#### What is being asked:
All of the data below should be printed again exactly, pictures excluded.

#### Material provided:
'''

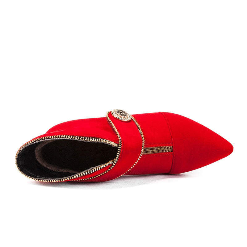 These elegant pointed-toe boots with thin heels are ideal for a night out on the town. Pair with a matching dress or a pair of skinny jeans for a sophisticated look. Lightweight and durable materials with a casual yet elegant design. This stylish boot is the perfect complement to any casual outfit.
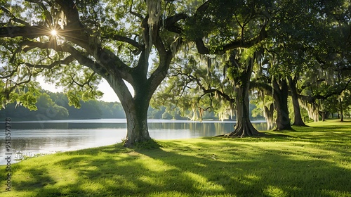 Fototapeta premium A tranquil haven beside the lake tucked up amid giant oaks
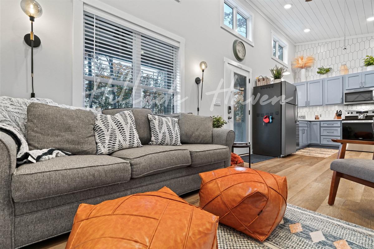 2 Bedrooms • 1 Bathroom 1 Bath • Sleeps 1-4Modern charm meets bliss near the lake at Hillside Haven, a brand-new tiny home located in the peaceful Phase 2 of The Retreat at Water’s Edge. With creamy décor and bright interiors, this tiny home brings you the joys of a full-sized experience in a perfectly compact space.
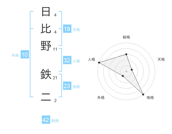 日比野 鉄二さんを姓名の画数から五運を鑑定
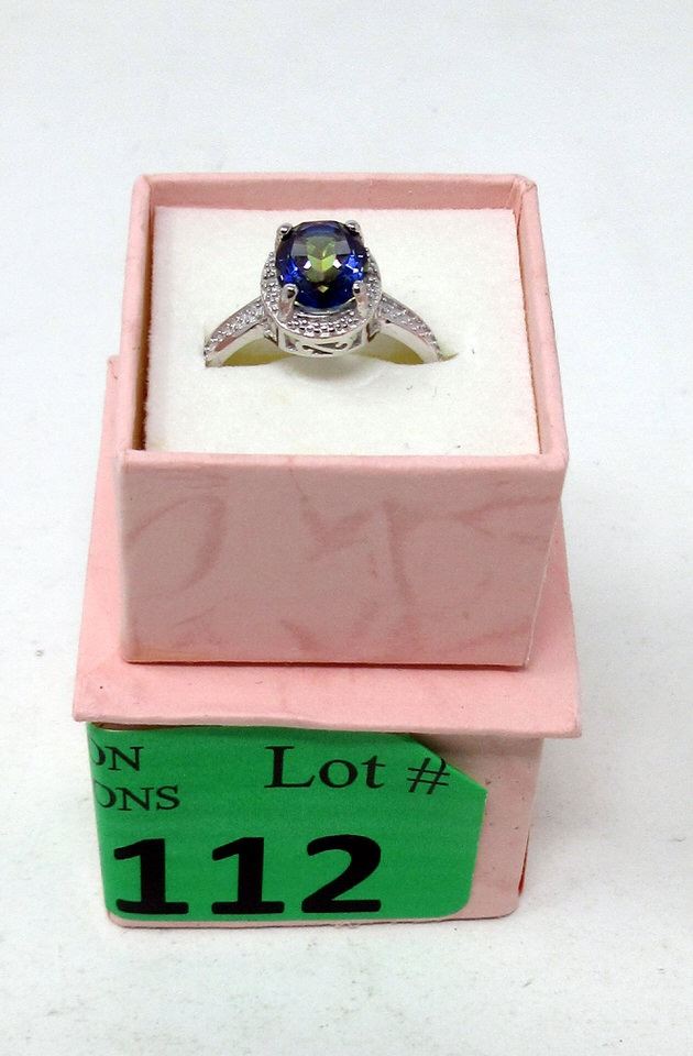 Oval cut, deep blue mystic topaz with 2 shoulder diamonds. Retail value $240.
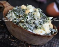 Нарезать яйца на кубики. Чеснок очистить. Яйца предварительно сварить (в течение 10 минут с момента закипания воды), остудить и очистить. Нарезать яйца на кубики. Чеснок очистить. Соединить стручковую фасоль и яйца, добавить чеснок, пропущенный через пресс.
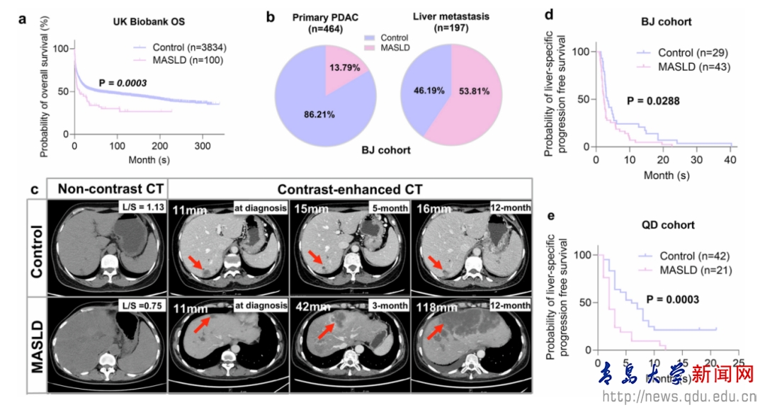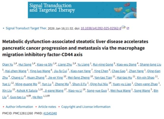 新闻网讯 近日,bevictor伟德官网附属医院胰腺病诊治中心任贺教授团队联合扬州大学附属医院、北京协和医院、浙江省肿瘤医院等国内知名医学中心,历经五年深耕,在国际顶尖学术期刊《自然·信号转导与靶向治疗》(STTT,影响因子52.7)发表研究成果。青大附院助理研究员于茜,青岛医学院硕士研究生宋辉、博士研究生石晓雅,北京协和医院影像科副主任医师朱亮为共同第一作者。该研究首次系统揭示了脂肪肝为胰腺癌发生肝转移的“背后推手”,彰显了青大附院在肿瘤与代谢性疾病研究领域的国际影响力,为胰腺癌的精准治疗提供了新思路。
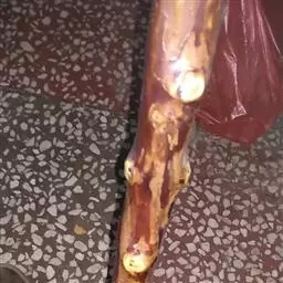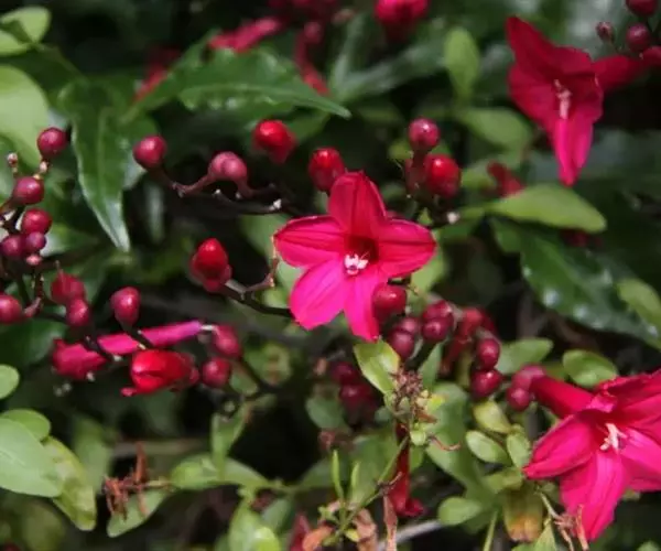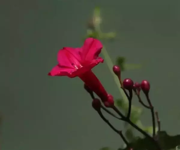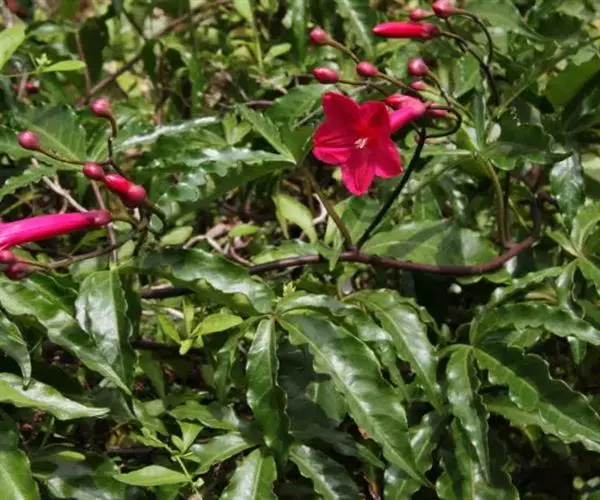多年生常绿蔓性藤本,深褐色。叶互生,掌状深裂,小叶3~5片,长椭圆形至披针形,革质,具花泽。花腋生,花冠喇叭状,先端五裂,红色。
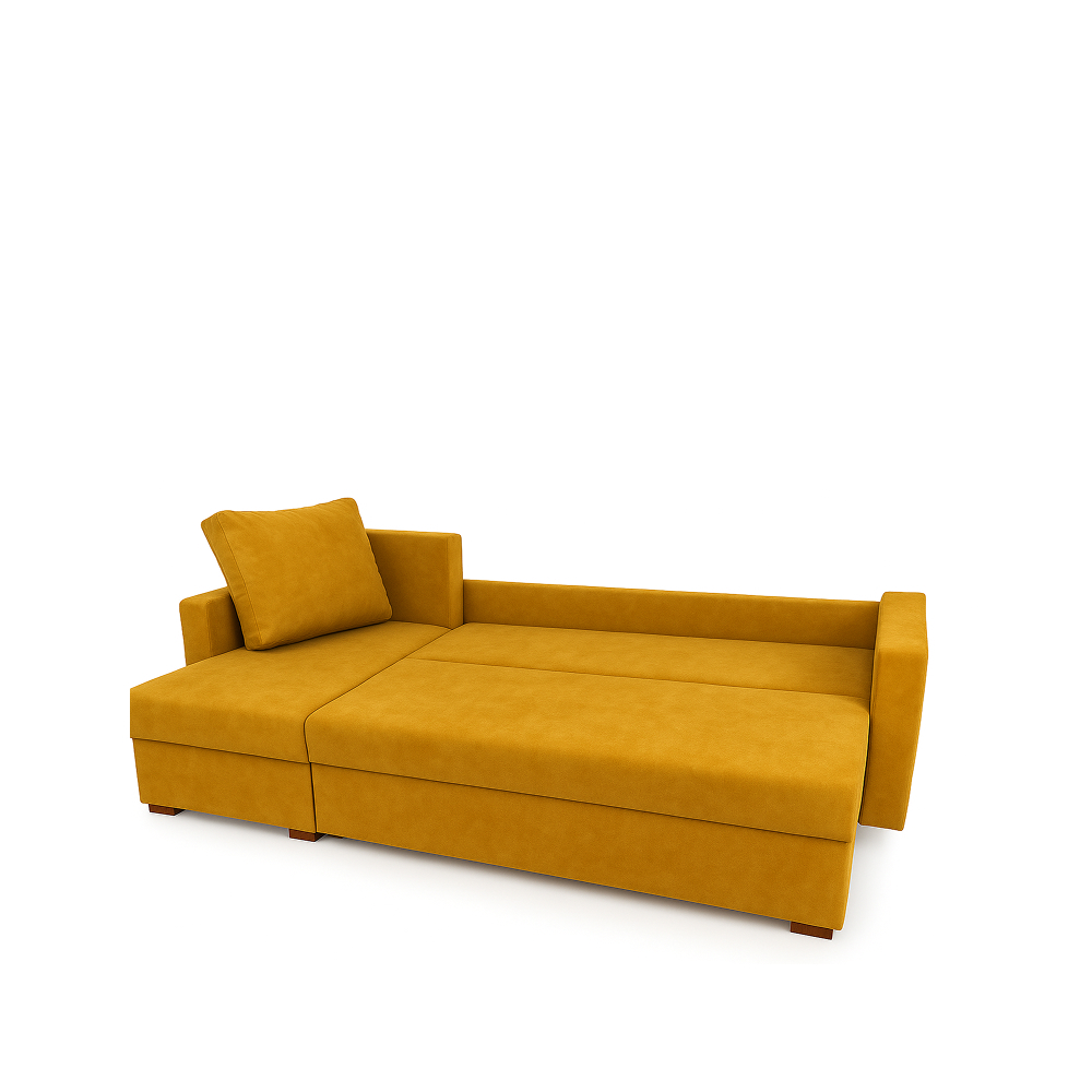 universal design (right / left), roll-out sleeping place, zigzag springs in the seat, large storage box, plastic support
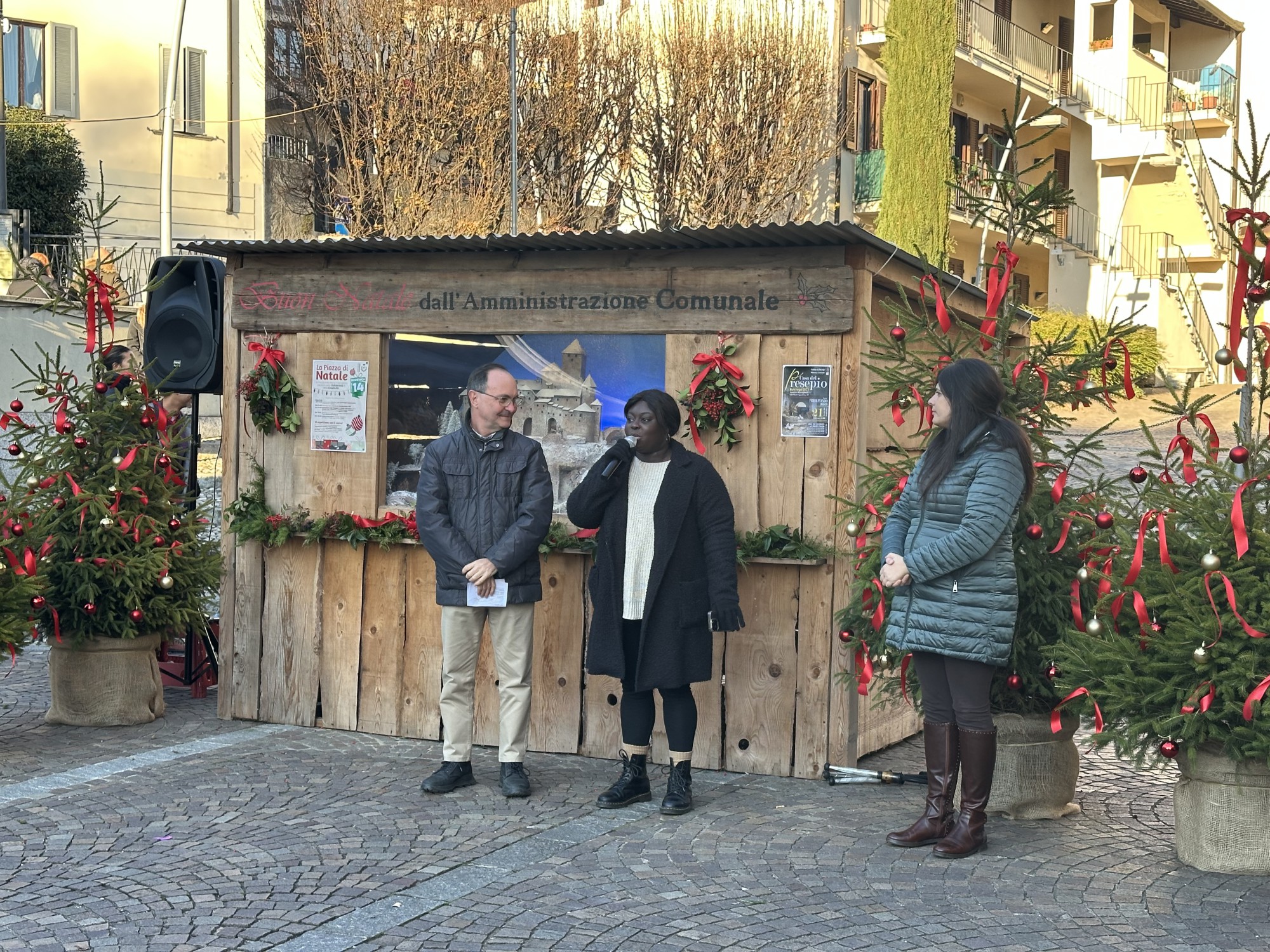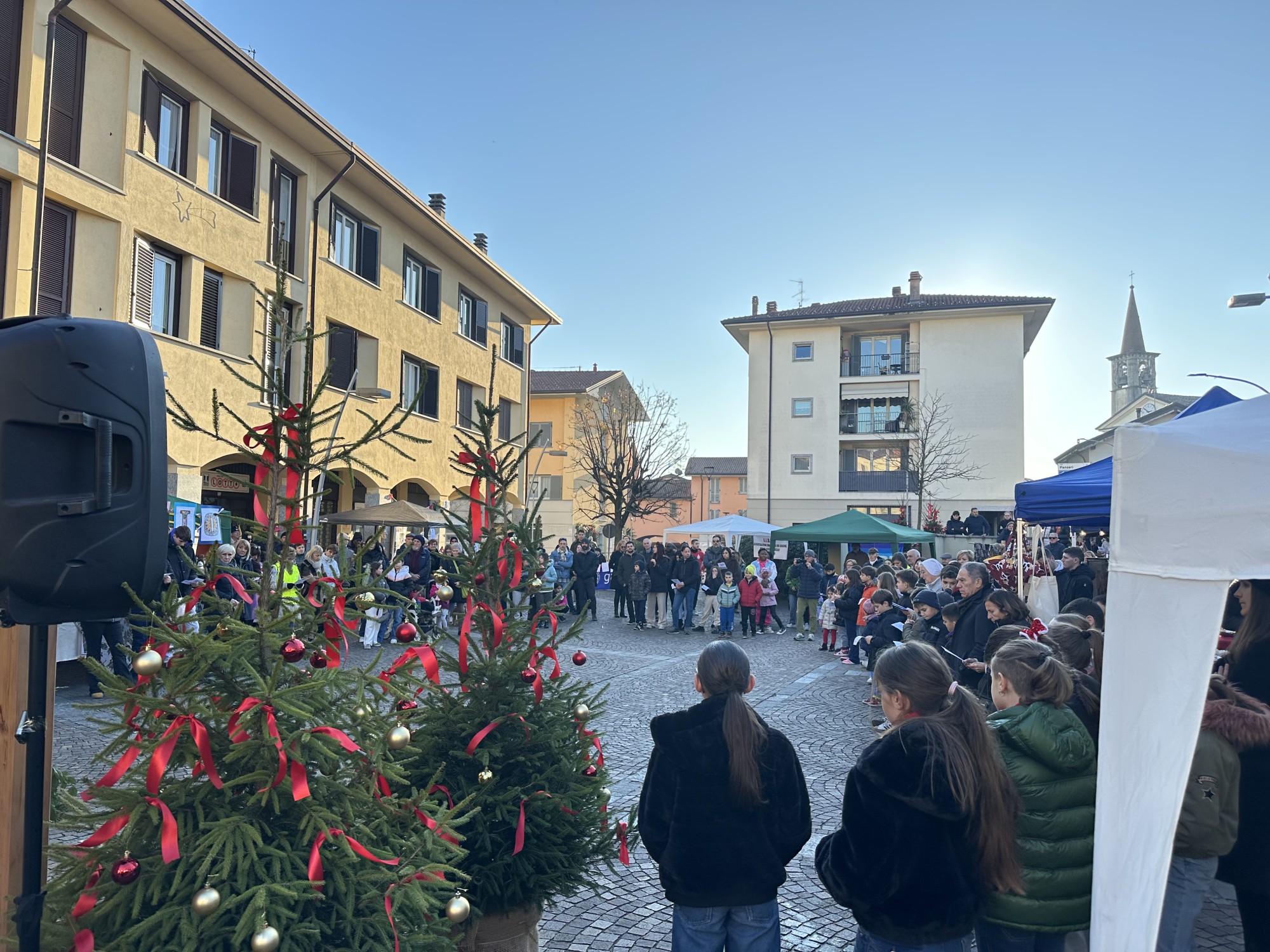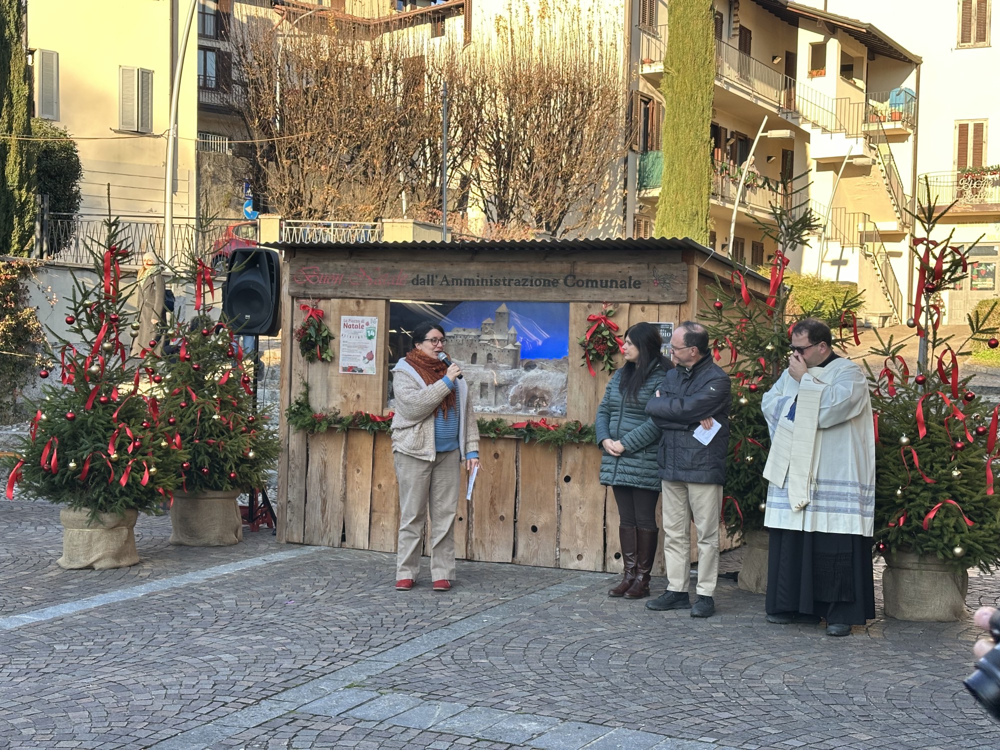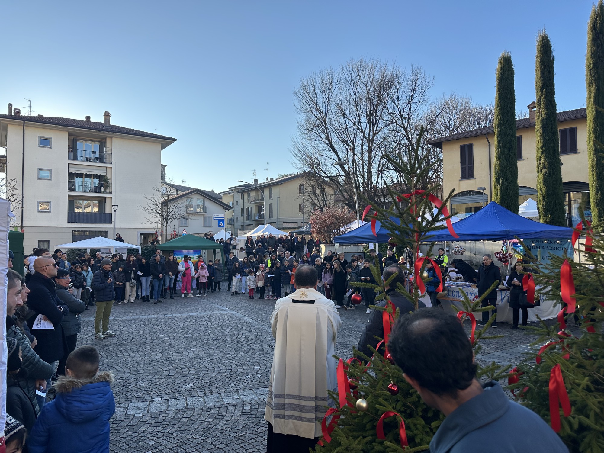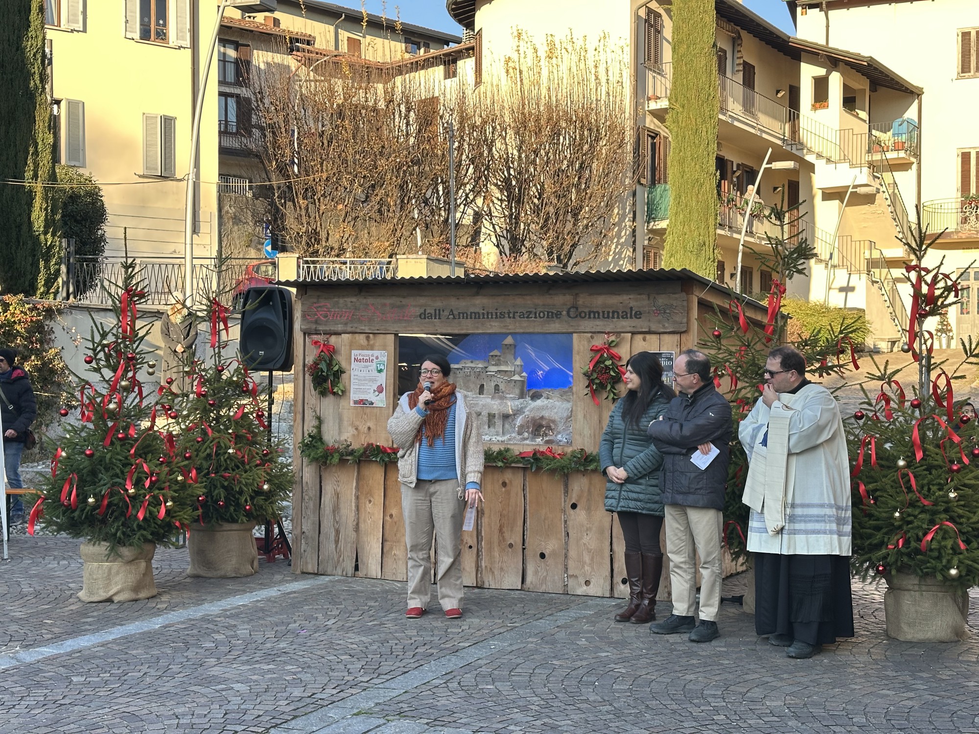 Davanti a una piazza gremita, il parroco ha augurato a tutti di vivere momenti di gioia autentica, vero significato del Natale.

'''

#### Solved exercise:
 These elegant pointed-toe boots with thin heels are ideal for a night out on the town. Pair with a matching dress or a pair of skinny jeans for a sophisticated look. Lightweight and durable materials with a casual yet elegant design. This stylish boot is the perfect complement to any casual outfit.
 Fototapeta premium A tranquil haven beside the lake tucked up amid giant oaks
 2 Bedrooms • 1 Bathroom 1 Bath • Sleeps 1-4Modern charm meets bliss near the lake at Hillside Haven, a brand-new tiny home located in the peaceful Phase 2 of The Retreat at Water’s Edge. With creamy décor and bright interiors, this tiny home brings you the joys of a full-sized experience in a perfectly compact space.
 日比野 鉄二さんを姓名の画数から五運を鑑定
 Oval cut, deep blue mystic topaz with 2 shoulder diamonds. Retail value $240.
 Нарезать яйца на кубики. Чеснок очистить. Яйца предварительно сварить (в течение 10 минут с момента закипания воды), остудить и очистить. Нарезать яйца на кубики. Чеснок очистить. Соединить стручковую фасоль и яйца, добавить чеснок, пропущенный через пресс.
 新闻网讯 近日,bevictor伟德官网附属医院胰腺病诊治中心任贺教授团队联合扬州大学附属医院、北京协和医院、浙江省肿瘤医院等国内知名医学中心,历经五年深耕,在国际顶尖学术期刊《自然·信号转导与靶向治疗》(STTT,影响因子52.7)发表研究成果。青大附院助理研究员于茜,青岛医学院硕士研究生宋辉、博士研究生石晓雅,北京协和医院影像科副主任医师朱亮为共同第一作者。该研究首次系统揭示了脂肪肝为胰腺癌发生肝转移的“背后推手”,彰显了青大附院在肿瘤与代谢性疾病研究领域的国际影响力,为胰腺癌的精准治疗提供了新思路。
多年生常绿蔓性藤本,深褐色。叶互生,掌状深裂,小叶3~5片,长椭圆形至披针形,革质,具花泽。花腋生,花冠喇叭状,先端五裂,红色。
 universal design (right / left), roll-out sleeping place, zigzag springs in the seat, large storage box, plastic support
 Davanti a una piazza gremita, il parroco ha augurato a tutti di vivere momenti di gioia autentica, vero significato del Natale.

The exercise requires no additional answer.